楊杏園擡頭看時,大半輪月亮,正在樹的東邊,月亮邊幾個大一點兒的星,銀光燦爛,正在發亮。
藍色的天空,已經變成灰白色了。
自己好笑起來,一個人坐在這裡,算什麼意思,起身便望大門口走。
走到那石橋,靠在欄杆上,又看了一會荷花,忽然有一個人,伸手撫着他的背,回頭看,卻是華伯平。
楊杏園笑道:“秘書老爺,好久不見啦。
”華伯平笑道:“大文豪大記者。
”楊杏園道:“你們統一籌備處是個極時髦的機關,薪水照月發的,你這三百六十塊錢的現洋,夠花了吧?我們這算什麼,像做外線的女工一般,全靠幾個手指頭,何從大起?”華伯平便拉着他的衣服,說道:“走走!我請你吃晚飯。
你兩次找我,沒有遇着,今天算是陪禮。
”楊杏園道:“聽說你在别的地方,又弄了兩個挂名差事,真的嗎?”華伯平笑着說道:“你們是幹淨人,不要打聽這樣卑鄙龌龊的事情。
走走。
”楊杏園道:“怪不得你忙呢,有三個衙門要到,自然沒工夫了。
”華伯平道:“衙門裡屁事!籌辦處每天去一趟,其餘兩處,十天也不到一回。
”楊杏園道:“那末,為什麼還忙得很?”華伯平道:“除了打四圈,在惠民飯店裡,我是坐不住。
早幾天,一吃了飯,就躊躇到哪處去玩好。
後來熟人一多了,公園遊藝園這些地方,隻恨不能分身去應酬。
到了晚飯之後,照例是一趟胡同,非到一點鐘後,不能回家。
你想,哪還有工夫出來找朋友?”楊杏園道:“你這樣鬧,不但經濟上受大影響,與衛生也有礙。

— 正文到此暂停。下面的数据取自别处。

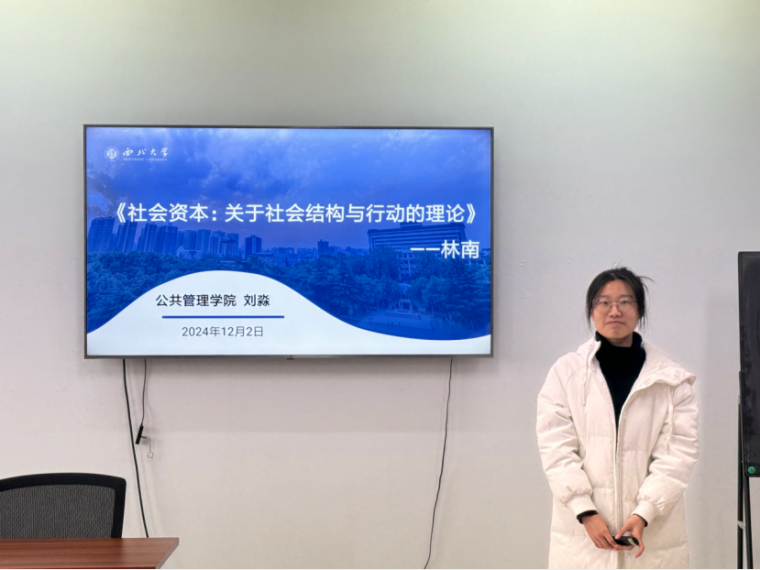 2023级社会保障专业研究生刘淼分享了林南所著的《社会资本:关于社会结构与行动的理论》一书。她从社会资本概述、书籍主要内容、个人学习思考三个方面展开。在正式交流书籍内容前,刘淼先介绍了社会资本的发展历史、概念界定及其影响,简要勾勒出了社会资本的全貌。接着,她详细讲解了书籍的内容架构和主要思想。书中从促进信息流动、对代理人施加影响、确定“社会信用”以及强化身份和认同感四个方面分析了社会资本的运作方式。此外,还从个体与群体的角度探讨了社会资本的获取与使用,指出资源是社会资本的核心,资源、等级制与社会网络共同构成了社会资本的社会基础,回答了“资源是如何嵌入在集体中”的问题;资源、动机与互动构成了社会资本的行动基础,解答了“资源是如何激活的”这一疑问。最后,她对汇报内容进行总结,并联系实际生活,分享了自己阅读本书的收获。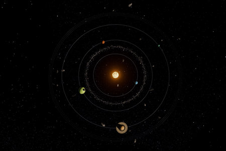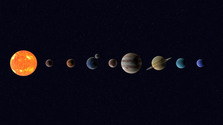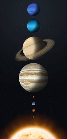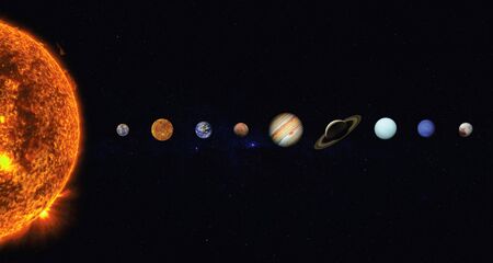 3D illustration of Solar system planets and objects. Sun, Mercury, Venus, planet Earth, Mars, Jupiter, Saturn, Uranus, Neptune

”華伯平一皺眉道:“這也是沒有法子,你不去,也有人找你。
”楊杏園道:‘我聽說碧波你也給他弄了一個顧問,是真的嗎?“華伯平道:”是真的。
“楊杏園道:”他不過是一個學生,你們的處長,既不認識他,又無聯絡他之必要,給他這樣一個名義作什麼?“華伯平道:”怎麼是名義?一百塊現洋一個月啦。
自然不認識他,也不必聯絡他,這完全是我提拔他。
“楊杏園道:”你和貴處長一保薦,他就答應了嗎?“華伯平笑道:”這真是笑話。
我們敝處的顧問,本來有三四百,也有處長自己請的,也有各處代表硬要的,也有各方面頭等人物薦的。
其餘便是和處長跑腿的幾位政客開單密陳的。
最後處長就把這一大批的名單,交付一個機要秘書,繕寫清楚一個等次,由他批準。
偏是那時我也在辦公室裡,老總就叫我幫着辦理。
“楊杏園道:”老總又是誰?“
華伯平笑道:“老總就是處長,我們同事這樣說慣了呢。
那位機要秘書繕名單的時候,他卻私自加上四五位去。
其實我也不留心,他卻做賊心虛,對我說,這是哪個闊人的侄子,哪個闊人的大舅,非加上不可,得去和老總說。
你何不也加上一個名字,每月至少弄他一百元。
我就說:”我的名字,怎好加上去呢?那不成了笑話?‘他說:“誰說要你的名字呢,阿貓阿狗,你随便寫一個得了。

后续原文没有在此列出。